La limite de ces méthodes pour la mesure de la performance CO2 en exploitation
On pourrait bien sûr, conceptuellement, étendre les méthodes ACV pour les mettre en œuvre également en phase d’exploitation.
Une telle approche sera cependant problématique, pour la raison suivante : la quantité totale d’émissions CO2 sur la durée de vie de l’actif – exprimée en kg eqCO2 / m² – n’est pas, en soi, une mesure adéquate de la performance CO2 d’un actif en exploitation.
En effet, une mesure de performance n’a de sens que rapportée à une métrique représentative du service rendu.
Or, pour un bâtiment en exploitation, le service rendu est la mise à disposition d’une surface donnée pendant une durée donnée : ce n’est pas la même chose que de mettre à disposition à un exploitant (et de construire en vue de cela) 1 m² pendant 35 ans, et 1 m² pendant 50 ans[1]. La métrique pertinente est donc le m² x an ; et non le seul m², qui est une métrique représentative d’une activité de type « construction », mais pas d’une activité de type « en exploitation ».

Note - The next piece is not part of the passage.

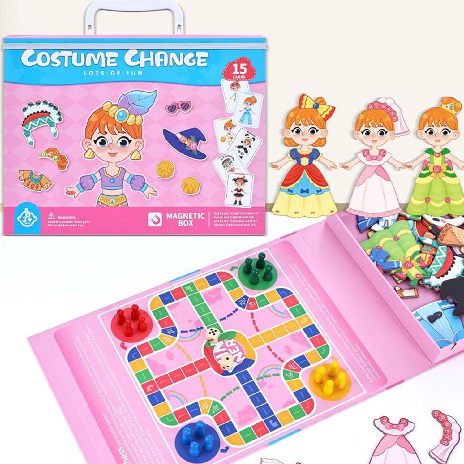 Magazzinaggio Compatto per Divertimento Magnetico: I giochi magnetici per bambini presentano un design di magazzinaggio portatile, assicurando che i pezzi rimangano organizzati e intatti, rendendoli perfetti per uso domestico o di viaggio, prevenendo perdite durante il trasporto Bordi Lisci per Sicurezza: I puzzle magnetici hanno bordi arrotondati e misure adatte alle mani dei bambini, assicurando una manipolazione sicura e prevenendo infortuni durante il gioco a casa o in classe Apprendimento Pratico Divertente: Con formato magnetico a puzzle, mescola esercizi di forme, colori e logica per migliorare la coordinazione occhio-mano e incoraggiare lo sviluppo cognitivo, creando un ambiente immersivo per bambini a casa o a scuola Vestibilità magnetica innovativa: Il magnetico permette cambi d'abito rapidi, migliorando la coordinazione motoria e fondendo il gioco di ruolo con la creatività, ideale per attività interattive che stimolano l'immaginazione e l'apprendimento attraverso il travestimento Esplorazione creativa: Il puzzle magnetico a doppia faccia permette ai bambini di installare temi diversi senza sforzo, favorendo pensiero creativo e abilità spaziali durante viaggi in auto o attività indoor in giorni di pioggia con ore di divertimento educativo

Or, lorsque l’on parle de « pilotage de la décarbonation » pour un secteur comme l’immobilier dans son ensemble – en ce qu’il inclut non seulement la construction, mais aussi l’exploitation du parc déjà construit – il faut un indicateur qui se rapporte à l’utilité de ce secteur, c’est-à-dire exprimé en kg eqCO2 / m² / an.
Il ne s’agit donc pas là d’une limite de l’ACV, mais de la conséquence du fait qu’elle répond à une question différente : « quelle est l’empreinte carbone d’un projet sur son cycle de vie ? », et non « quelle est la performance d’un actif en exploitation ? »[2].
Autres limitations pratiques
Une telle approche se heurterait par ailleurs à certains obstacles pratiques :
En premier lieu, les méthodes ACV sont relativement lourdes (et complexes et coûteuses) à mettre en œuvre, donc se prêtent difficilement – telles que – à une mesure en continu de l’empreinte CO2
En second lieu – c’est là une difficulté importante –
- Le calcul, selon ces méthodes, nécessiterait que l’on fasse la somme des émissions réelles constatées de CO2 sur toutes les années antérieures à l’année du calcul
- Ceci impliquerait que l’on ait une connaissance (raisonnablement prouvable) des consommations et des conditions d’exploitation du bâtiment sur toutes ces années écoulées
- Or l’expérience montre que, en pratique, pour la plupart des actifs, on n’a pas une telle connaissance (et on peut supposer que ce sera encore le cas dans le futur)
Conclusion
Les méthodes ACV répondent donc à une question essentielle : quelle est l’empreinte carbone d’un projet sur son cycle de vie ?
Mais cette question n’est pas celle du pilotage carbone d’un parc immobilier existant.
Piloter suppose de pouvoir attribuer une performance carbone à un actif année après année, en intégrant à la fois son passé, son exploitation présente et les événements futurs conventionnellement associés à son cycle de vie.
C’est précisément cette question que nous avons cherché à résoudre avec ACES.
Dans le prochain article, nous verrons pourquoi CRREM, malgré son importance croissante dans l’immobilier, ne répond pas davantage à cette question.
[1] Ce dernier point est important, en particulier si l’on souhaite construire un indicateur qui « incite » les acteurs à arbitrer « dans le bon sens » les enjeux autour de la durée de vie des bâtiments : « est-ce que je restructure, ou est-ce que je démolis / reconstruis ? »
[2] Noter que LCBI distingue en fait carbone embarqué et carbone opérationnel, avec des métriques différentes ; mais cela ne produit pas encore nécessairement un indicateur unique permettant de piloter, année après année, la performance carbone intrinsèque d’un actif.